The use of Arbitrage in sports markets: Are they bets you can’t lose?
In business economics, investment and sports, arbitrage is the technique of taking advantage of a cost difference between two or more markets: striking a mix of matching trades that capitalize upon the imbalances, the gain being the difference within market prices.
When used by academics, an arbitrage can be a transaction that concerns no damaging cashflow at any probabilistic or temporal state including a positive income in one or more state; simply, it’s the possibility of a risk-free gain at zero cost. In effect free money from trades where zero risk existed.
In banking markets this is called ‘Arbitrage’. In sports markets it is called Matched Betting.
In principle and within academic use, an arbitrage is risk-free; in common use, for example statistical arbitrage, it might mean predicted profit, though losses may occur, and in practice, there are always risks in arbitrage, some minor (which include fluctuation of prices decreasing profit margins), some major (for example devaluation of your currency or derivative).
In academic use, an arbitrage involves taking advantage of differences in price of a single asset or identical cash-flows; in common use, it’s also utilized to make reference to differences between similar assets (relative value or convergence trades), as in merger arbitrage.
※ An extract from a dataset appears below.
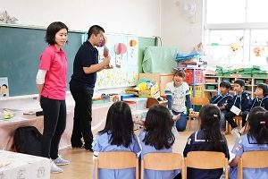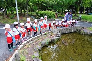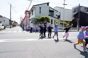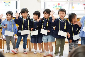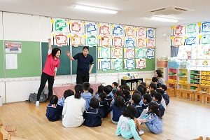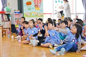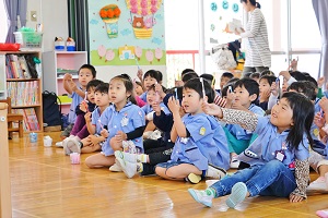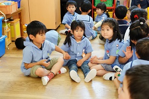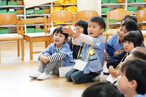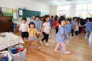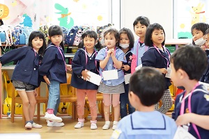 年長組さんと年少組さんで合同でリトミックをしました。年長組さんがじょうずに年少組さんをリードしてあげていましたね。遠足でも一緒に仲良く遊びましょう。
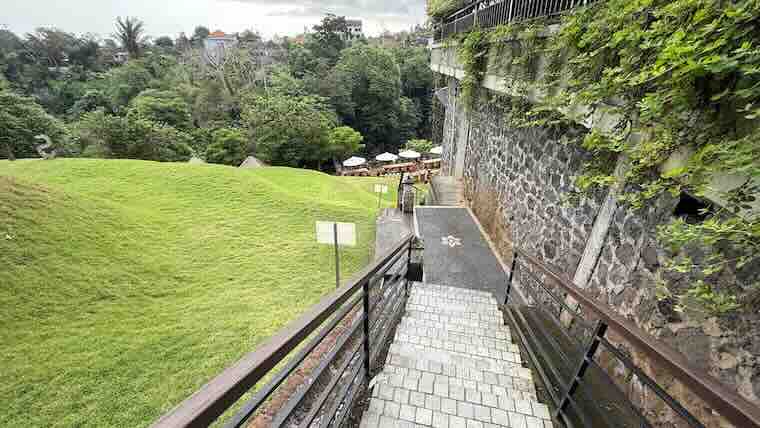 - ホテル外階段からアユン川へ続く散歩道。静かな自然が広がる。

People who engage in arbitrage are known as arbitrageurs for instance a bank or brokerage firm. The term is principally ascribed to trading in financial instruments, such as bonds, shares, derivatives, products and currencies.
Sports arbitrage has additionally recently become practical because of the accessibility to world wide web bookmakers offering widely diverging odds on sports establishing situations where it is possible to place bets that cannot lose.
Despite the fact that this involves bookmakers it is far from gambling as there is no risk to the initial stake which can’t be lost.
Arbitrage is not simply the act of purchasing an item within a market and selling it in another for a better price at some later time. The deals must transpire simultaneously to avoid exposure to market risk, or maybe the risk that prices may change in one market before both transactions are complete.
In realistic terms, this is generally only possible with securities and financial products that may be traded electronically, and even then, when each leg of your trade is accomplished the prices in the market could possibly have moved.
Missing one of the legs from the trade (and subsequently having to trade it soon after at a worse price) is known as ‘execution risk’ or more specifically ‘leg risk’.
“True” arbitrage necessitates that there be no market risk concerned.